Seeing is Believing: Juniper SRX Series NGFW Receives “AA” Rating

I’ve always been a big believer in independent third-party testing, especially for cybersecurity products. At best, they validate that a particular solution does what a vendor says it can do. At worst, they provide quantitative feedback that a vendor should use to make improvements.

Well, yesterday was one of those best-case days for Juniper and our SRX Series next-gen firewalls. We’ve received an “AA” rating from CyberRatings.org, a new independent testing company led by the founders of NSS Labs. 

CyberRatings rated NGFW products in four areas:

• Security effectiveness, testing against new and historical exploits and evasions, a measure of how easily an attacker could bypass the firewall
• SSL/TLS, measuring on supported ciphers and, more importantly, performance when decryption is turned on
• Management, measuring the ability of the management interface to create and apply security policy, reporting, handle alerts, and authenticate users
• Customer feedback, direct feedback from customers who are using the product

Security Effectiveness

We received an “AAA” rating in security effectiveness, the highest possible rating, with a 99.5% exploit block rate and 100% resistance to evasions, scoring above the leading NGFW vendors.

Security effectiveness is the primary reason the NGFW exists, providing protection from network and some application exploits, as well as detecting and stopping evasive techniques used to bypass the firewall completely. This is an area we’ve been focusing on more aggressively over the past few years, making sure that we’re able to protect our customers’ networks and exceed expectations in security effectiveness, moving as close as possible to 100% effective against threats – and recently we actually achieved that “unicorn” score!

SSL/TLS

Decrypting and inspecting encrypted traffic, especially web traffic, is a primary use case for NGFWs. For many vendors, performance drops significantly when SSL decryption is turned on, in some cases by as much as 90% compared to cleartext traffic. Since more than 80% of traffic is encrypted these days, according to Security Boulevard, a performance hit like that forces organizations to choose between experience – meeting the throughput needs of end-users and the business — and security.

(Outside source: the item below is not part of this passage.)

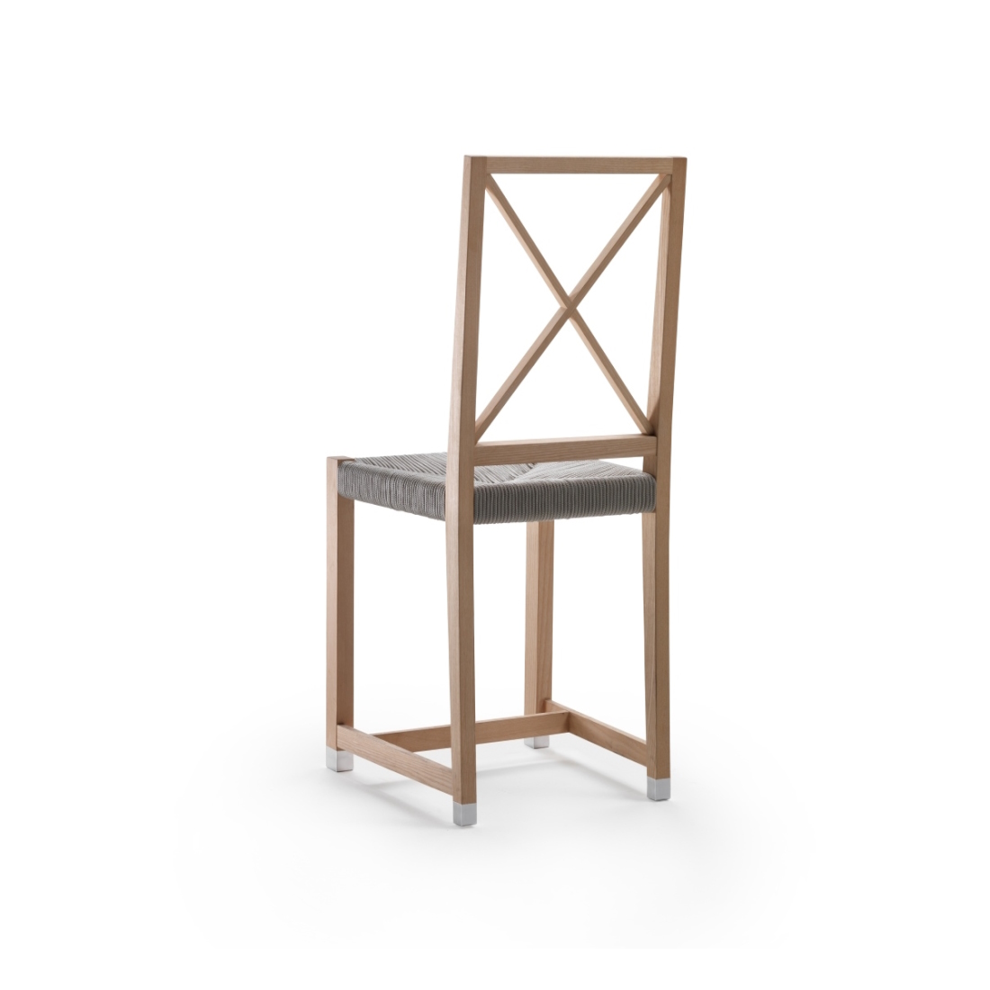 The structure is crafted from solid iroko wood, available in a natural finish, stained grey, or lacquered white. The seat is woven from extruded PVC with a nylon core, and comes in a range of colours like anthracite, bordeaux, white, cream, brown and green; or alternatively, in polypropylene cord in shades such as sand, anthracite, bordeaux, green, white, and brown. The leg tips are made of die-cast zama with either a matt brushed or burnished finish and rest on thermoplastic pads for longevity. An optional waterproof cover is also available.

CyberRatings gave the SRX Series NGFW an “AA” rating in SSL/TLS. Our performance with SSL decryption turned on was excellent and outperformed many of our competitors who are considered leaders in the security space. It’s estimated that around 70% of attacks use encryption to evade detection, which is alarming when you consider that SSL inspection can’t be enabled for all traffic. Certain regulations prioritize user privacy over security, which has led to only one option for security practitioners: accept this as a business risk. But to address this, not only does Juniper scale more effectively with SSL inspection turned on, but we’re also able to detect threats without decrypting for traffic where SSL decryption cannot be applied. 

Management

I was so pleased that CyberRatings decided to include management functionality as a key component of the overall rating, because most organizations have 10 or more NGFWs deployed throughout the network – at the edge at campus and branch locations, within multiple public cloud environments, and in private cloud environments. Managing many NGFWs and the deployed security policy across all of these environments with a unified policy structure within a single UI is imperative for administrators to close security gaps while decreasing the time spent distributing and managing those policies. 

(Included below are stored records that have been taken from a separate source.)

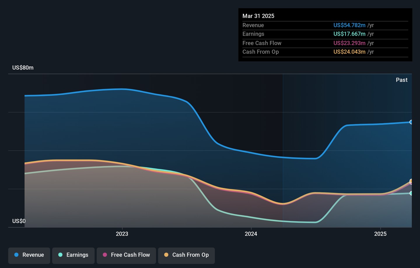 Operations: The company generates revenue primarily from its banking segment, totaling $56.75 million.
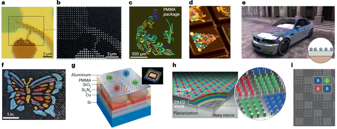 图7 | 调控结构色、光探测、光发射的超表面应用
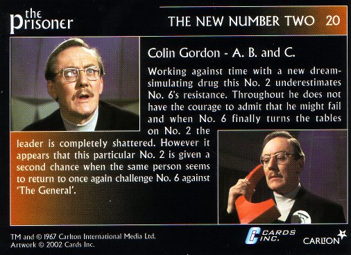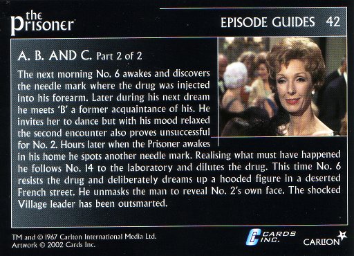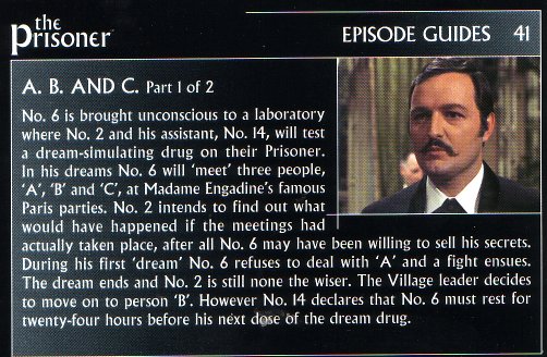 #6 is brought in for some "work." Their experiment involves taking #6's thoughts as electrical impulses and converting them into pictures (something done in the movie 5,000,000 Years to Earth). #2 thinks that #6 was going to sell out to one of three possible people, A, B, and C, and they will drug #6 and watch his brainwave thoughts to figure out which person it was.
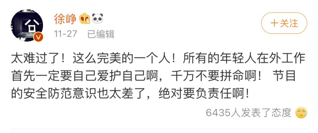 同日,很多明星都发文悼念,并斥责节目组,需要担负责任。

For many of our competitors, customers must manage their on-prem firewall deployments separately from cloud-deployed firewalls. Separate management platform. Separate policy structure. Separated visibility, intelligence, and enforcement. This kind of separation in management leaves room for blind spots and mistakes when admins must copy over and re-deploy security policies for different environments.

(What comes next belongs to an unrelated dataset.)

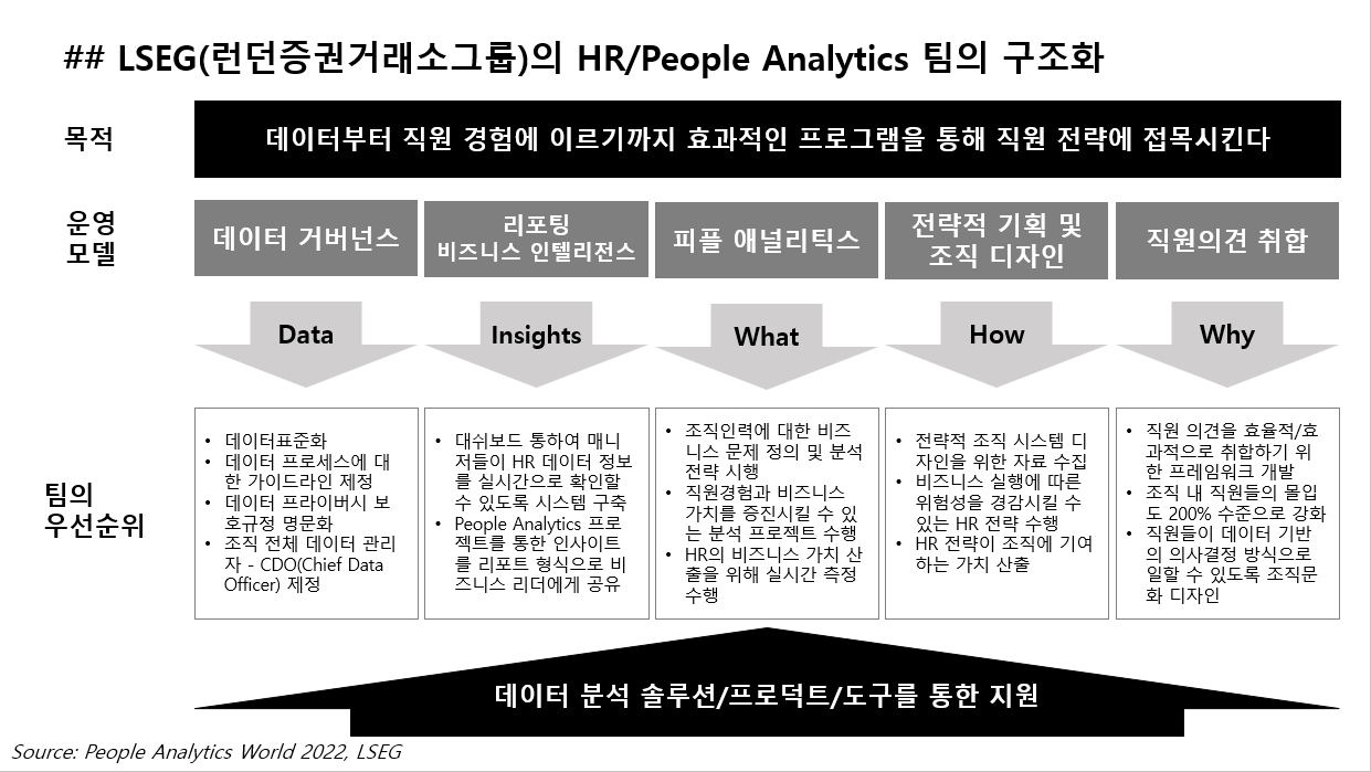People Analytics팀은 기업에서 어떤 역할을 하고 있을까? 점차 People Analytics 팀이 소수의 몇명이 아닌 팀 단위로 조직화 되면서, 컨퍼런스에서도 People Analytics 팀의 구성과 조직화에 대한 발표 내용을 자주 듣게 된다. 분석가가 1~2명일 때에는 HR 데이터 분석과 관련된 프로젝트를 내부 컨설팅 형식으로 수행하곤 한다. 그런데 이러한 인원수와 팀의 역할이 확장되면 어떤 구조상의 변화가 생길까? 일하는 방식이 어떻게 바뀔까? 기업 내에서 People Analytics팀이 어떤 구조로 기능하고 있는지를 이해하기 위해, Jordan Pettman의 발표 내용을 잠시 살펴본다. 그는 최근 네슬레에서 런던증권거래소그룹(London Stock Exchange Group, LSEG)로 이동하여 Head of Organisation Analytics and Insights를 맡고 있다. LSEG는 People Analytics와 연관된 업무 및 기능을 크게 5가지로 세분화하여 분할하고 있다. [그림2]에서 보다시피, 모든 부서는 궁극적으로 “데이터부터 직원 경험에 이르기까지 효과적인 프로그램을 통해 직원 전략에 접목시킨다”는 것을 목표로 두고 있다. 이 기치 아래 5가지의 서로 다른 하위 팀이 조직화되어 있고, 각 팀이 추구하는 우선순위는 각각 다르다. 각 모델을 통해 이뤄지는 활동은 통합적으로 조직 내 Data-driven 문화와 People Analytics의 활성화를 촉진한다.

Juniper’s firewall management, Security Director, accommodates unified policy creation and distribution across all environments simultaneously from a single UI, providing full visibility, intelligence, and enforcement. This translates into a great user experience for our customers and our customers’ customers, which is why we received an “AA” rating for management.

Customer Feedback

Juniper SRX received a “A” rating for customer feedback, and the interesting part about this rating is that customer feedback about our NGFW technology was great, which is also what we’ve seen reflected in Gartner’s Peer Insights reviews. Customer sentiment around Juniper SRX is that the technology meets all use cases and provides innovative features that help customers protect their networks easily and effectively. Customers love our renewed focus on security but are still waiting to see if this focus is a long-term plan for Juniper.

It is. Full stop.

Juniper’s Connected Security strategy and new security capabilities released over the past few years, coupled with the industry recognition and third-party validation we’ve received consistently in that same timeframe are proof that security is and will remain a priority for Juniper. These results from CyberRatings are the latest proof points. We’ve turned the corner in security and will continue to execute on our security strategy to help our customers build threat-aware networks to safeguard their users, applications, and infrastructure.

Juniper Connected Security is here to stay. Believe it.